Content starts
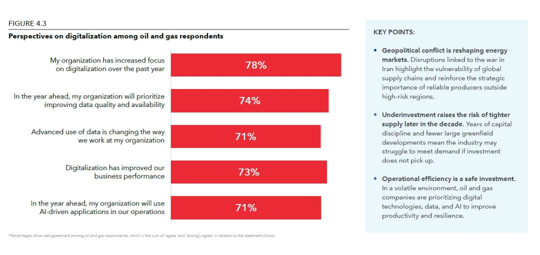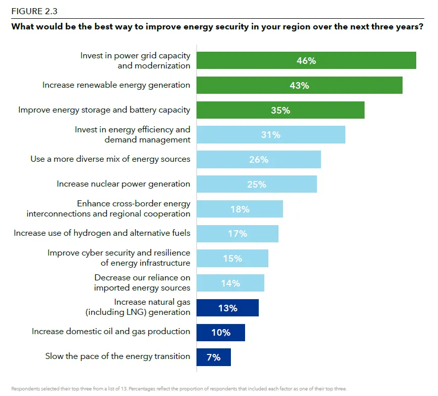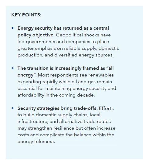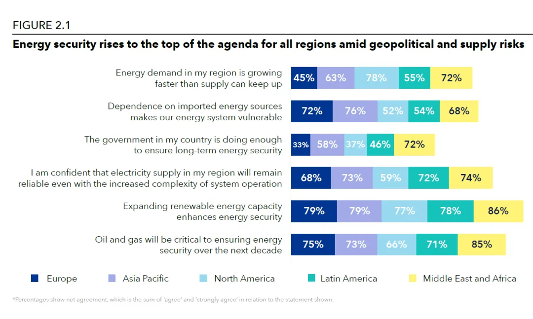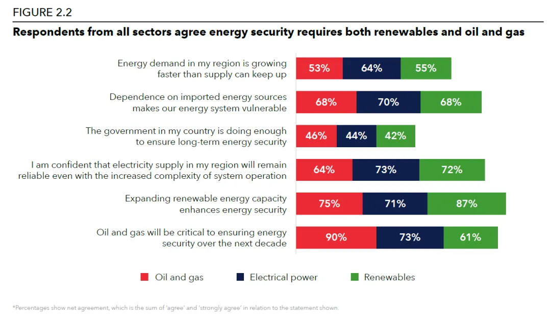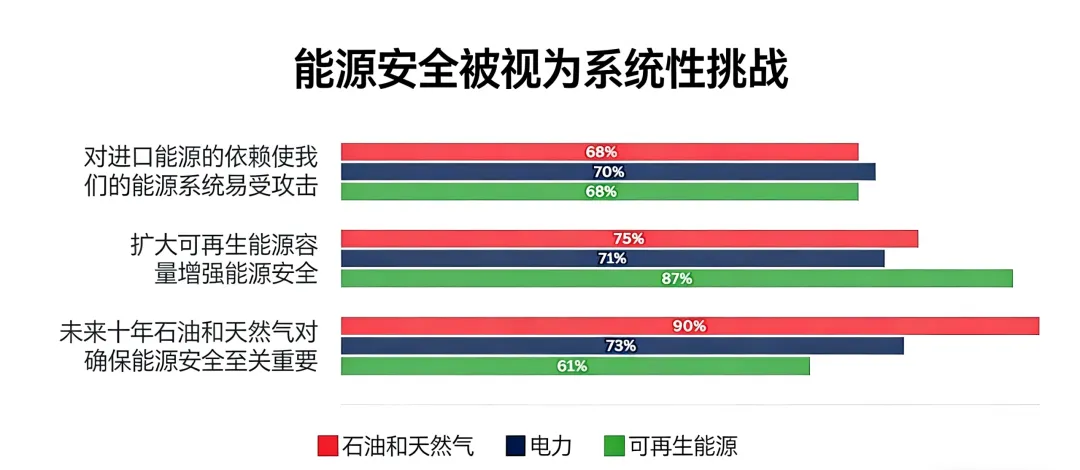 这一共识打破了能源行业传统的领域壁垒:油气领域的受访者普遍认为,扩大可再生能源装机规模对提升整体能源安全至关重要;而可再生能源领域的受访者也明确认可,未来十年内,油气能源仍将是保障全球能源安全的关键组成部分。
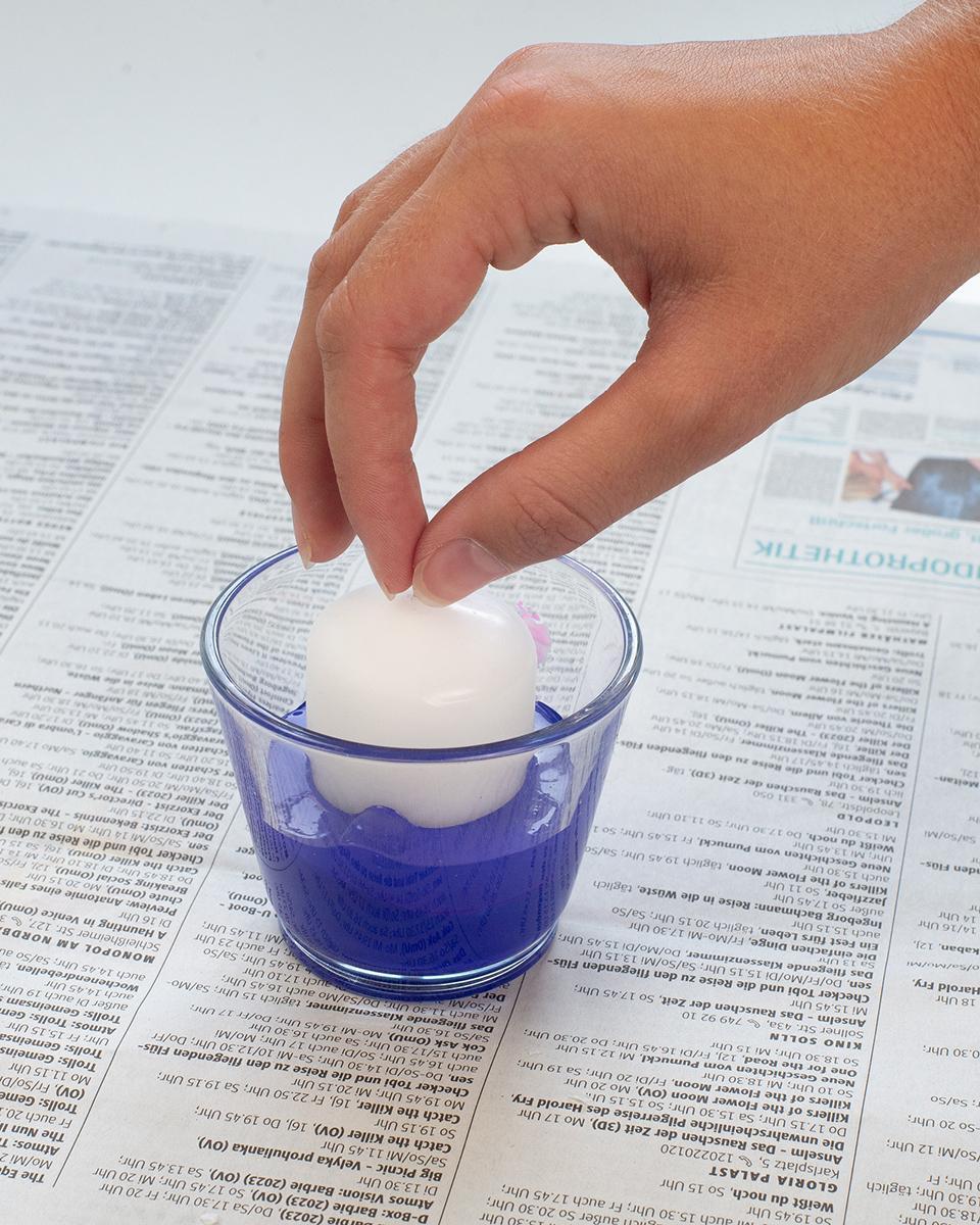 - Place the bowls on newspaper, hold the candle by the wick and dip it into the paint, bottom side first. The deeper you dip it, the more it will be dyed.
Content ends
Content starts
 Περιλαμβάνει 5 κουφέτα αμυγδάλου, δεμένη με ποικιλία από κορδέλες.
Content ends
- _To do_
For the entries above, print exactly the lines between the one with "这一共识打破了能源行业传统的" and the one with "- Place the", inclusive, with no pictures.

- _Solution to this problem_
 这一共识打破了能源行业传统的领域壁垒:油气领域的受访者普遍认为,扩大可再生能源装机规模对提升整体能源安全至关重要;而可再生能源领域的受访者也明确认可,未来十年内,油气能源仍将是保障全球能源安全的关键组成部分。
 - Place the bowls on newspaper, hold the candle by the wick and dip it into the paint, bottom side first. The deeper you dip it, the more it will be dyed.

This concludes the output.